Nevertheless, opposition to the sale of raw-milk products remains steadfast. The U.S. Centers for Disease Control (CDC) warn that raw milk can contain pathogens such as listeria, salmonella, yersiniosis, certain strains of E. coli and others, and recommend that pregnant women and anyone with compromised immune systems avoid them. The CDC also blames several outbreaks of food-borne illnesses over the years on raw-milk cheese consumption, particularly soft, Mexican-style cheeses.
In Vermont, raw-milk cheeses must be aged at least 60 days at a temperature no lower than 35 degrees F. Though that standard was based on the aging requirement for cheddars, as Fondiller suggests, it has more to do with achieving the proper pH levels to kill off bacteria. Currently, the U.S. Food and Drug Administration is looking into whether 60 days is even sufficient for preventing illness.
"As a food microbiologist, I think the risks of raw-milk consumption really outweigh the benefits," says Dr. Catherine Donnelly at the University of Vermont. She points out that while those who grew up on a farm and have functional immune systems might be OK, some of the new pathogens emerging in the food supply today are dangerous enough to permanently shut down kidney functions in young children and the elderly, or can even cause death.

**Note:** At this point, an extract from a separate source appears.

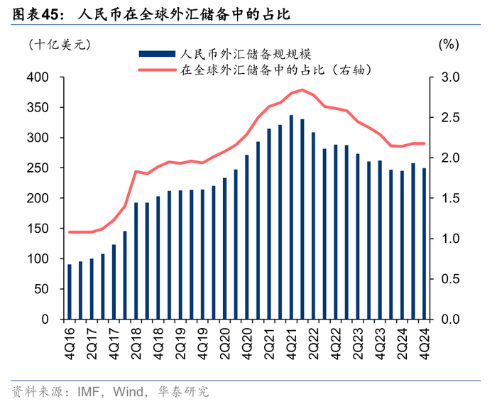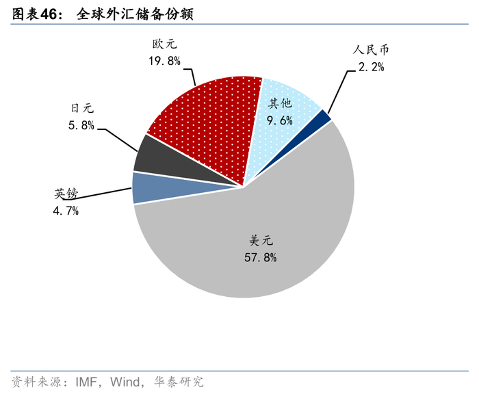 当前全球外汇储备仍然以美元和欧元为主,两者合计占比接近80%,人民币占比相对小,约2.2%,并且在21年后略有下降。

Still, folks like Fondiller say the demonization of raw milk is less about legitimate health concerns than about marketing -- fueled by years of propaganda, germ phobias and the interests of large food processors who have resisted labeling standards for genetically modified organisms (GMOs), bovine growth hormones and the like.
"Can you get sick from chicken? Can you get sick from beef? Can you get sick from pork? Yes!" asserts Fondiller, with the exasperation of someone who has engaged in this argument countless times. Her argument sounds simple: If you want healthy food, start with healthy animals. "You can't have good milk and crappy goats," she says. "It can't happen."
Fondiller argues that consumers should be allowed to decide for themselves which foods are safer. "All I want is a separate label. I will put a skull and crossbones on it if you want, I don't care," she says. "Just a label that says 'raw milk cheese.'" And with a new administration starting in January, Fondiller plans to take her fight back to the Vermont Legislature.
When her work in the cheese room is complete, Fondiller leads me behind the farmhouse to a small, concrete bunker dug into a hillside. We enter a cave with an arched ceiling that resembles the old stone caves used for centuries by European cheesemakers. This one, however, powered by solar panels, keeps a constant 94-percent humidity and maintains a natural temperature range of 48 to 55 degrees F. Here, the cheeses are left to their own devices.
As we enter, Fondiller sprinkles a thin layer of lime on the floor but informs me that, aside from washing the racks and giving the cave a good sweeping every now and then, much more cleaning is unnecessary and can even be harmful. Once, shortly after Shaw built the cave, she made the mistake of giving the walls a thorough scrubbing. The results were disastrous. She had inadvertently killed off most of the natural molds necessary for curing the cheeses. "Clorox will never touch these walls again," she informs me. Apparently, even in food production it's possible to be too clean.